Abbé de Cacqueray : Il ne s’agit évidemment pas de soustraire l’homme à ses devoirs, mais d’en déterminer au contraire la liste précise pour qu’il n’en oublie aucun. Ses obligations envers Dieu lui sont rappelées par les prières qui ponctuent ses journées, par le respect du jour de Seigneur et l’assistance à la sainte messe, et par les différentes pratiques marquées par l’Église. La gravité de la situation religieuse actuelle l’amène aisément à comprendre la place qu’il doit tenir. La présence de sa femme et de ses enfants lui redit tous les jours qu’il en est le chef, le protecteur et le modèle, et qu’il dépend de ses vertus, de sa bonté et de son honneur de chrétien de procurer la félicité des siens. Le devoir professionnel ne pourra, lui non plus, être oublié facilement. La conjoncture économique est difficile, le chômage menaçant, les entreprises impitoyables : celui qui ne fait pas l’affaire à cause de son incompétence ou de sa légèreté est rapidement mis dehors ou relégué en des fonctions secondaires. Mais quel rappel l’homme a‑t-il encore aujourd’hui de son devoir dans la Cité ? Est-ce l’apport de son bulletin aux urnes lorsque le jour des élections arrive ? C’est à ce seul geste que l’on veut réduire son devoir de citoyen français. Et lorsqu’il l’a accompli, il est censé repartir déchargé de ses devoirs et peut se désintéresser en toute quiétude de son village, de sa ville, de son pays comme s’il n’avait plus rien à faire. Or, mon village ou ma ville va bien mal, mon pays se meurt ! Il m’appartient donc à moi, en tant que citoyen français, avec les moyens qui sont à ma portée, de ne pas accepter que mes enfants deviennent des ilotes du mondialisme et de combattre, au maximum, la révolution en marche et les barbaries. Et c’est sur ce devoir politique que nous voulons appeler l’attention des fidèles de la Tradition. Ils ne doivent pas le négliger. Ils peuvent obtenir de petites victoires politiques, assez importantes pour susciter de l’espérance, pour donner de l’allant au combat et pour exprimer leur résolution ferme de ne pas se laisser faire.

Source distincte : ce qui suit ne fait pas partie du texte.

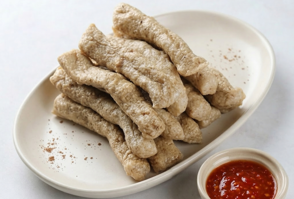 【特徴】: 東海岸トレンガヌ州の絶対的な名物です。魚のすり身にサゴでんぷんを練り込み、長くて太い「ソーセージ」や「縄」のような形に成形して数時間茹で上げます。これをぶつ切りにして高温の油で揚げ、甘辛い特製チリソースをつけて食べるのが定番スタイル。外はカリッと、中はモチモチとした弾力があり、噛むほどに魚の野性味あふれる風味が広がる国民的おやつです。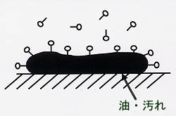 | ↑親油基 (この部分が油や汚れを被洗浄物 から引き剥す) |

Civitas : Vous connaissez l’Institut Civitas, le soin qu’il apporte à la formation doctrinale et à l’apprentissage de l’action dans la Cité. Pensez-vous que tous les fidèles de la Tradition sont capables d’agir dans la Cité, y compris dans le domaine politique ? N’est-ce pas une affaire de spécialistes ?
Abbé de Cacqueray : Le mérite de l’Institut Civitas est à mes yeux de n’avoir pas omis d’afficher très clairement sa finalité politique. Il existe donc bien aujourd’hui au moins un institut politique qui se présente ouvertement comme catholique et qui œuvre à la restauration du règne social de Notre Seigneur Jésus-Christ. Les responsables de Civitas sont encore trop peu nombreux pour réaliser tout ce que l’on attend d’eux. La formation de cadres politiques demande un investissement considérable en travaux intellectuels et beaucoup de temps. Civitas a déjà su développer une revue d’excellente tenue, il lui faudrait du renfort pour pouvoir amplifier son travail de formation de chefs de cellule et de cadres.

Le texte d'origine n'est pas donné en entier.